1

I have 2 data frames:

a=c("aaaa","aaaaa", "aaaaaaaa")
b=c(3,5,6)
sample1=data.frame(a,b)

a=c("bb","bbbb","bbbbbbb")
b=c(4,6,54)
sample2=data.frame(a,b)

I want to loop through the samples and pass the columns from these dataframes to some functions e.g. nchar(sample1$b)

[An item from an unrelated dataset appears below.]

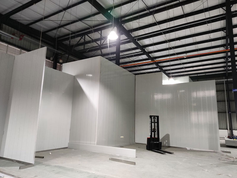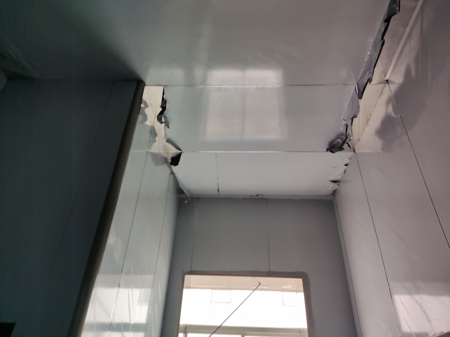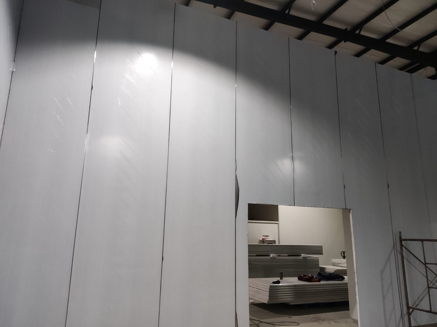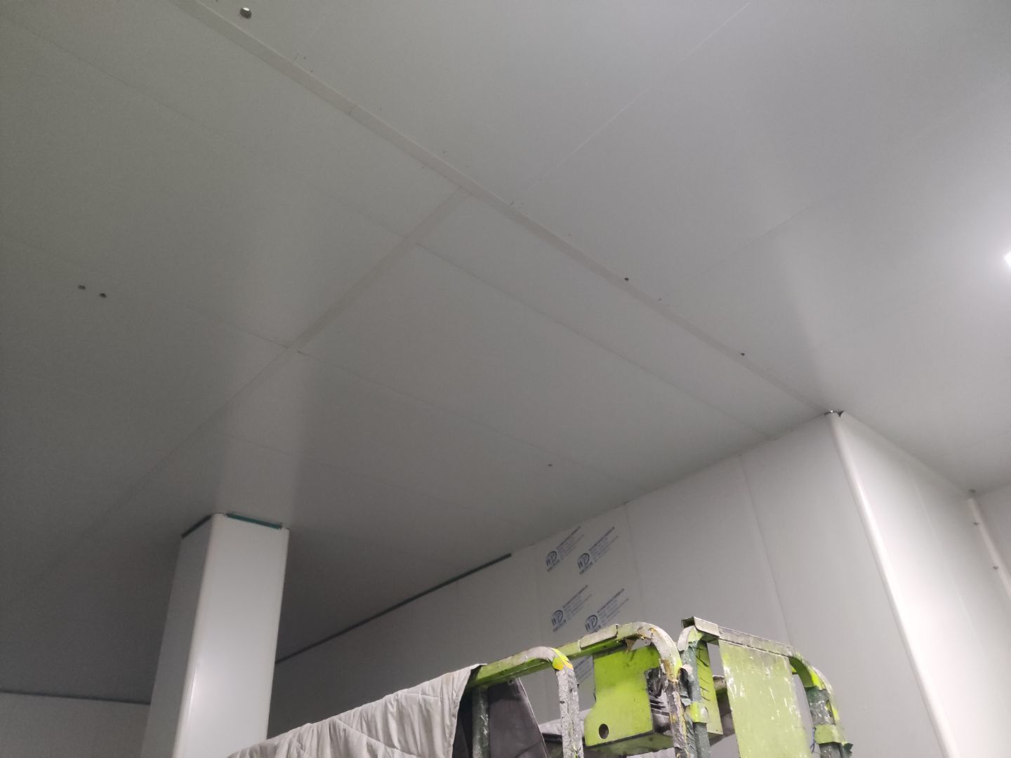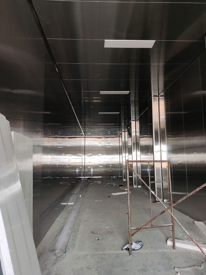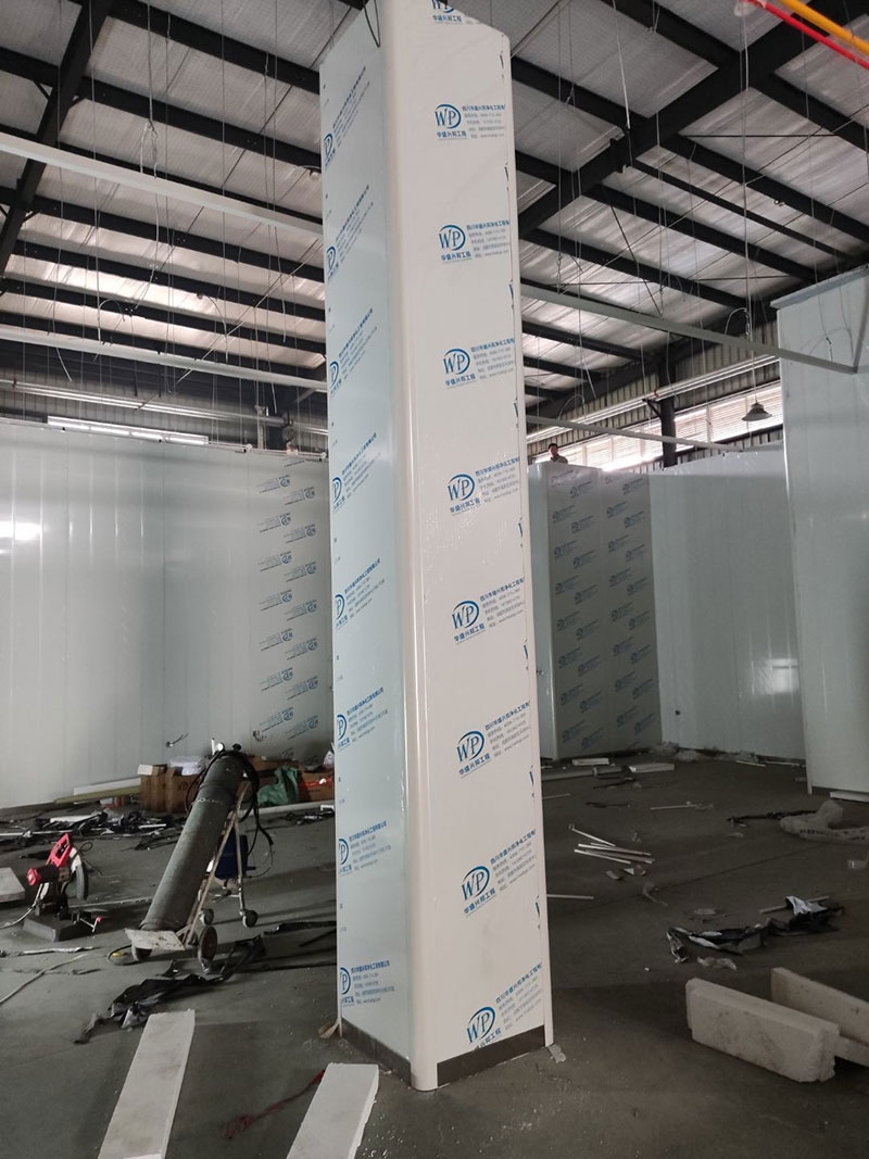 通道、脫包間、配料間墻板和頂板安裝完成,內包間包柱子完成。普通燈具安裝完成15%,開關插座開孔配管完成。

So using what should go in the for loop to do this? The code below does not work... sorry it does work but the length of e.g. "sample1$b" string is printed

for(i in 1:2) {

   cat(nchar(eval(paste("sample",i,"$b"))))

}

Thanks

kwicher
  • 2,092
  • 1
  • 19
  • 28
  • 1
    it seems a job for two `apply`s combined. Please add a little piece of your data. – SabDeM Jul 13 '15 at 14:31
  • How did you wind up with all these different data.frame variables? In R, it's better to store related items in a list rather than as separate variables in the environment. It makes things much easier. It's always best to include a [reproducible example](http://stackoverflow.com/questions/5963269/how-to-make-a-great-r-reproducible-example/5963610) with sample input data so we can run and test your code as well as test possible solutions. – MrFlick Jul 13 '15 at 14:34
  • I am looking for a general solution with the independent data.frame variables. I would like to know if this can be done and if so how. Thanks a lot. – kwicher Jul 13 '15 at 15:14

2 Answers2

1

First, you fix the first problem, which is that your data frames aren't all in a single list by collecting them via mget:

> l <- mget(x = paste0("sample",1:2))
> l
$sample1
         a b
1     aaaa 3
2    aaaaa 5
3 aaaaaaaa 6

$sample2
        a  b
1      bb  4
2    bbbb  6
3 bbbbbbb 54

Once that problem has been remedied, you can simply use lapply on the resulting list:

> lapply(l,function(x) nchar(x[["b"]]))
$sample1
[1] 1 1 1

$sample2
[1] 1 1 2
joran
  • 169,992
  • 32
  • 429
  • 468
1

Like suggested by MrFlick, you should store the related dataframes in a list:

samples <- list(sample1, sample2)

This allows you to avoid referring to each dataframe by its name:

lapply(samples, function(smp) nchar(smp$b))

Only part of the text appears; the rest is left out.